The final sacrifice for Fr. Benedict though, and submission of his will to the Father in abandonment and surrender was that of his intellect and cognitive capacities. Fr. Benedict had an extremely intelligent mind. He had multiple degrees, was a professor in multiple disciplines, and remembered almost everything he ever read. Yet in recent years, his cognitive capacities began to deteriorate. He used to say that God kept him alive after his accident because he still had purgatory to do on earth. At first he was referring to his physical limitations, but I don’t think he could have anticipated what kind of suffering he would endure at the mental limitations that were waiting for him for the last 5 years of his life.
First he would slip up during talks, misquoting someone or repeating himself. Every once in a while he lost his train of thought and would just pause in the middle of saying something. Then he couldn’t teach his courses anymore. The worst part of this suffering came from when the media devilishly took advantage of his dementia and quoted him regarding the priest scandals. The paradox of his condition was that he didn’t even remember what he said or why there was such uproar over something he said. His dementia never progressed though to completely protect him from the unspeakable pain knowing that people were saying he caused great harm to the suffering of victims that he tirelessly spent his life working to protect and heal.
Fr. Benedict chose his name, not after the founder of the Benedictines but St. Benedict Joseph Labre, an 18th century French saint who suffered from mental illness. As a psychologist, Fr. Benedict prayed often for his intercession and looked to his example of simplicity, humility, and abandonment to God’s will. It should not escape our notice then that Fr.
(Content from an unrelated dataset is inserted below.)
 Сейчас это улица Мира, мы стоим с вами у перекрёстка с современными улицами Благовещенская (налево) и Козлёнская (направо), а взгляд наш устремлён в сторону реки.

Benedict suffered from dementia, a form of mental illness, in the last years of his life. When I visited him a few months ago Fr. Benedict was joyful, witty, and living in his circumstances with the class and abandonment of a saint. He accepted his lot in life, every phase and every aspect, with total trust in the goodness of God. He did it while loving everyone around him, including his enemies, with charity and gentleness and touching fatherhood.
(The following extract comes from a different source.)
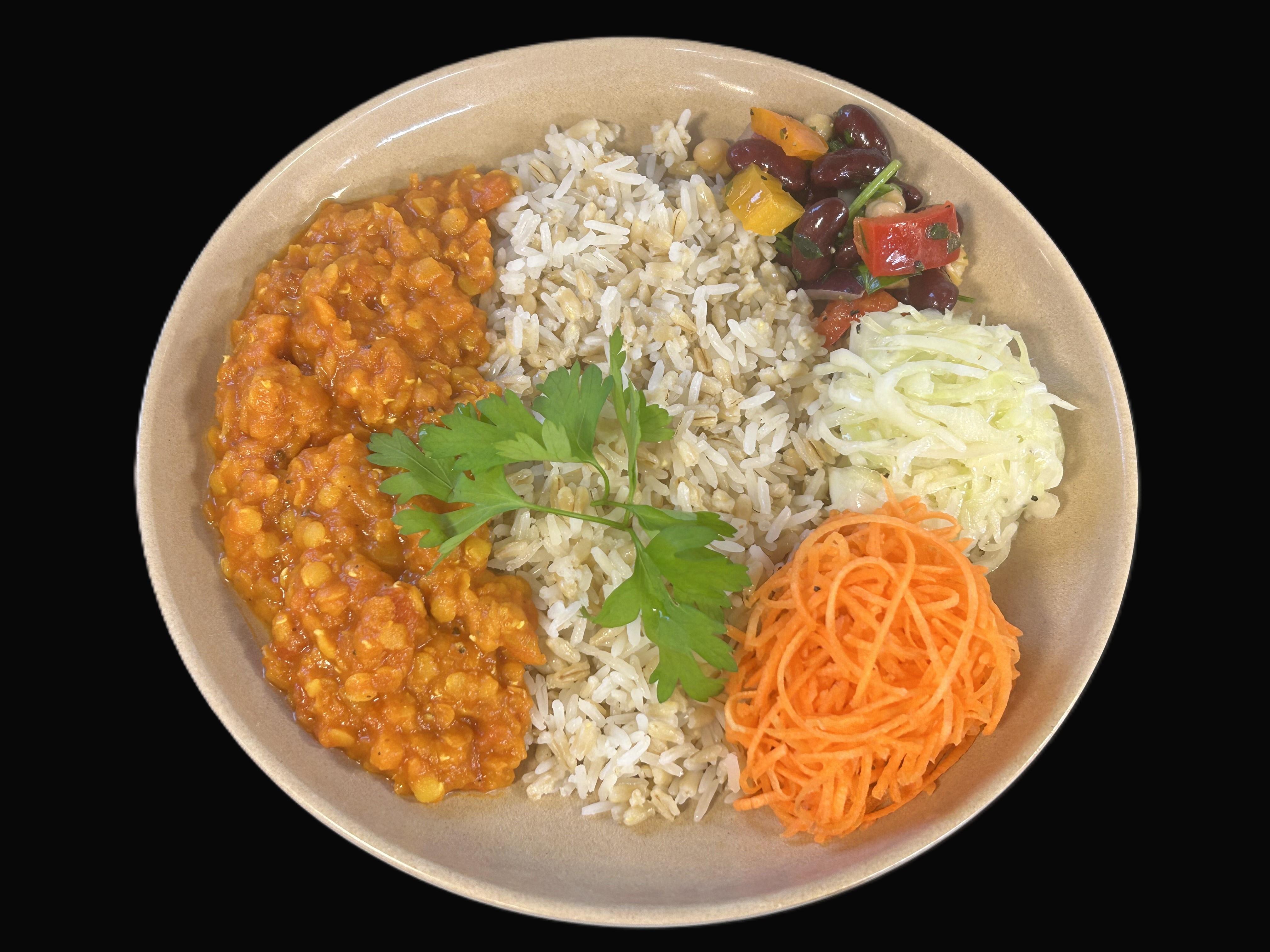 Indisk linsgryta serveras med ris- och havrerismix

I shed joyful tears this morning as I meditated on the beauty of Fr. Benedict’s life. I realized that he died only short moments after the community he helped to form was gathered together in the Bronx to celebrate the Transitus of St. Francis. This somber celebration was one of my favorite memories as a friar. The life of Francis was acted out by the novice brothers, and culminated with a hauntingly beautiful procession of the body of Francis around the church, with lights off and candles lit, as chanting resounded from the choir loft. Last night, moments after this passing of one of the greatest saints in the history of world into eternal life was remembered, one of his sons also passed in his own transitus. As the candles were blown out in the Bronx, the sun rose over the hills in Assisi and friars there prayed their morning prayer in honor of St. Francis. The fact that he was waiting to embrace his son with open arms today on his feast is one of the most beautiful things that could have ever happened to crown this man’s passion with the hope of the resurrection.